Hacker News new | ask | show | jobs
by widerporst 844 days ago
They claim that the new models "are significantly less likely to refuse to answer prompts that border on the system’s guardrails than previous generations of models", looks like about a third of "incorrect refusals" compared to Claude 2.1. Given that Claude 2 was completely useless because of this, this still feels like a big limitation.
2 comments

The guard rails on the models make the llm-market a complete train wreck. Wish we could just collectively grow up and accept that if a computer says something bad that doesn't have any negative real world impact - unless we let it - just like literally any other tool.
They're not there to protect the user, they're they're to protect the brand of the provider. A bot that spits out evil shit easily screenshotted with the company's brand right there, isn't really great for growth or the company's brand both.
True and this is also the reason why open source models are commonly uncensored.

It's frustrating though because these companies have the resources to do amazing things, but it's been shown that censoring an LLM can dumb it down in general, beyond what it was originally censored for.

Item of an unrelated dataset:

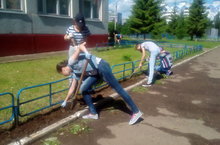 Воспитанники ЛТО "Мечта" облагораживают территорию гимназии. Ребята производят прополку клумб от сорняков, рыхлят почву под деревьями в пришкольном огороде.

Also, this of course. It's just a cheap bandaid to prevent the most egregious mistakes and embarrasing screenshots.

https://twitter.com/iliaishacked/status/1681953406171197440

I don't disagree but on the other hand, I never run into problems with the language model being censored because I am not asking it to write bad words just so I can post online that it can't write bad words.

Both sides in this to me need to get a life.

Hm, I don't buy this. The statistics shown in the blog post revealing the new Claude models (this submission) show a significant tendency to refuse to answer benign questions.

Just the fact that there's a x% risk it doesn't answer complicates any use case unnecessarily.

I'd prefer if the bots weren't antrophomized at all, no more "I'm your chatbot assistant". That's also just a marketing gimmick. It's much easier to assume something is intelligent if it has a personality.

Imagine if the models weren't even framed as AI at all. What if they were framed as 'flexi-search' a modern search engine that predicts content it hasn't yet indexed.

Yeah I spent a lot of time with Claude 2 and if I hadn’t heard online that it’s “censored,” I wouldn’t have even known. It’s given me lots of useful answers in close to natural human language.
Yeah, no matter how advanced these AIs become, Anthropic’s guardrails make them nearly useless and a waste of time.